Membership Eligibility 

If you do not directly meet the eligibility criteria of a credit union’s field of membership, there is no need to panic. You may still be able to join a credit union by way of your charitable support or affiliation with one of the organizations related to their membership. PenFed is just one example.

There are many ways to become a member of PenFed, which includes eligibility through employment, association membership, or volunteerism. And if you are not eligible to join in this manner, you can still become a PenFed member through the following organizations: National Military Family Association or Voices for America’s Troops.

Rates and fees. When you join a credit union, you’re not just there to make money for the credit union—you’re now part-owner of an organization that is dedicated to serving its members. This difference in purpose colors everything credit unions do. Because credit unions are not in this for the money, you’ll find they oftentimes offer better rates and fewer fees than banks.

Credit unions are usually small, local organizations. Credit unions are typically smaller than banks, though this doesn’t mean that they’re microscopic. Large credit unions can have hundreds of thousands of members and PenFed, in particular, serves over 1.2 million members, worldwide, but that’s still a far cry from the country’s biggest banks.

Smaller size can also mean fewer branches too. This may seem like a downside, but it tends to mean credit union members get more personalized service when they visit a branch. Most credit unions are local organizations, with branch offices and ATMs located where they’re most convenient for members. Since a branch may not be located on every corner, this again may seem like a downside if you visit an ATM every day; however for most people who bank online and use debit or credit cards for many transactions, fewer branches might not be a noticeable detriment.

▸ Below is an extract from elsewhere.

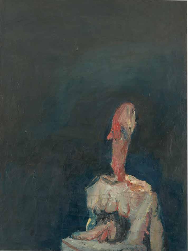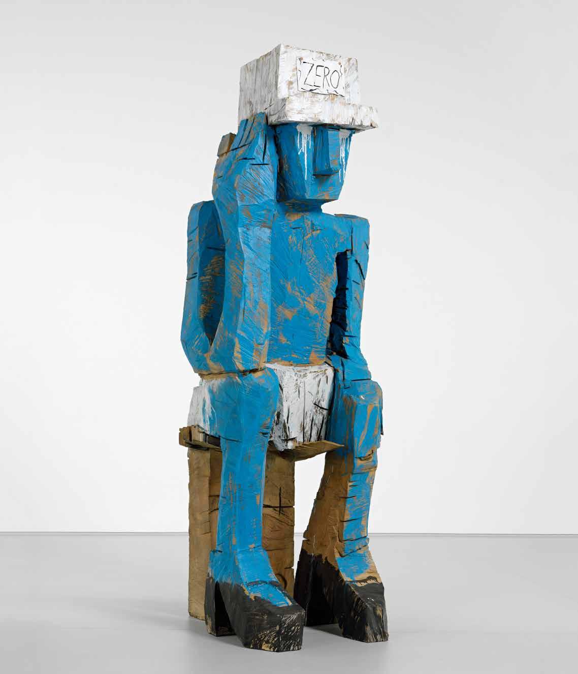 The word “zero” sounds harsher than the German Null or Nichts. Baselitz had himself photographed holding a piece of paper with “zero” written on it. He is wearing a cap with the word on it, which looks strikingly similar to a self-portrait sculpture. In contrast to artists who are fascinated, obsessed, even, by death and endings, such as Edvard Munch, Max Beckmann, later Joseph Beuys, Andy Warhol, or Markus Lüpertz, reflection on transience and decay only appeared in Baselitz’s oeuvre a few years ago: Davongehen, Weggucken, Abgehen or Ohne Hemd auf der Matratze liegen are two paintings from 2015. Soon after Baselitz painted them, he painted a female nude, Abwärts III, who is bathed in the same sallow, unrealistic color. In this painting, the orientation of the motif corresponds to the iconographic meaning of reflections about his own fragility and approaching death. In opposition to earlier representations of violence, pain, or injury, the bodies now seem to disappear into the pictorial space because the extremities dissolve. In the paintings with the “Zero” attribute, self-mockery comes into play. By not shying away from representations like Abwärts III (2016), Baselitz not only shows how it is or will be, but he also demonstrates sovereignty opposed with fears and painful experiences of the body. The colors in this group of works are reminiscent of a stage left mostly dark; it could be the set of a Samuel Beckett play, whom Baselitz met while Beckett was in Berlin. Self-mockery is also present in the use of the Italian word “Zero” because it has to do with casinos, which can also be a stage for human fate. But zero is also a recurrent challenge for an artist who must keep reinventing himself from zero. The loneliness and isolation of the young artist in West Berlin was the first and unforgettable “zero” experience for Baselitz. His oeuvre since then has been frequently structured by “zero” situations that were resolved by reflection and willpower. Baselitz proceeded in a similar way to his friend A. R. Penck, who closely studied Picasso’s many stylistic changes. However, a hint of resignation may also be mixed in with the “Zero” attitude, something of the melancholia of completion. In his late years, Eugène Delacroix painted Michelangelo sitting deep in thought in his studio amongst his famous figures. It displays Delacroix’s own mental state in the mirror of a great predecessor. But from this melancholia of mastery, from this zero, new unique works emerge. In the photo of Baselitz holding the “zero” note, he is smiling.

Credit unions are just as safe as banks. Even though they are not called banks, your money’s still secure at a credit union. All federally insured credit unions are regulated by the government’s National Credit Union Association (NCUA), where you can even look up information about a credit union’s financial health. Through NCUA’s Share Insurance Fund (NCUASIF), every account at a federal credit union is insured up to $250,000, just like it would be at a bank—and no member has ever lost money insured by the NCUASIF.

Should you join a credit union? If you’re considering joining a credit union, we recommend that you do the math. Look into interest rates and fees at both the credit union and your bank for whatever sorts of accounts you’re interested in. Because of the not-for-profit goal of credit unions, we’re pretty confident that if you look at the numbers you’ll find credit unions make good financial sense.

But you should also be sure to consider that a credit union is likely to have fewer branch and ATM locations, which can be problematic if you’re a frequent ATM-visitor. When you’re looking at the numbers, you should be sure to also consider how often you visit the ATM to get cash and work fees into your math. However, you should bear in mind that many credit unions will have a network of ATMs that you can access without fees, and some credit unions go even further and reimburse ATM fees you might wind up paying.

A credit union has your best interests in mind. We still think that the math will come out in favor of credit unions, but it’s important that you take the time to consider all the angles before you make a decision. In the end, we think it comes down to who your financial institution is working for.

With credit unions, you can always be assured that they’re working for their members. And that comes down to better service and lower costs.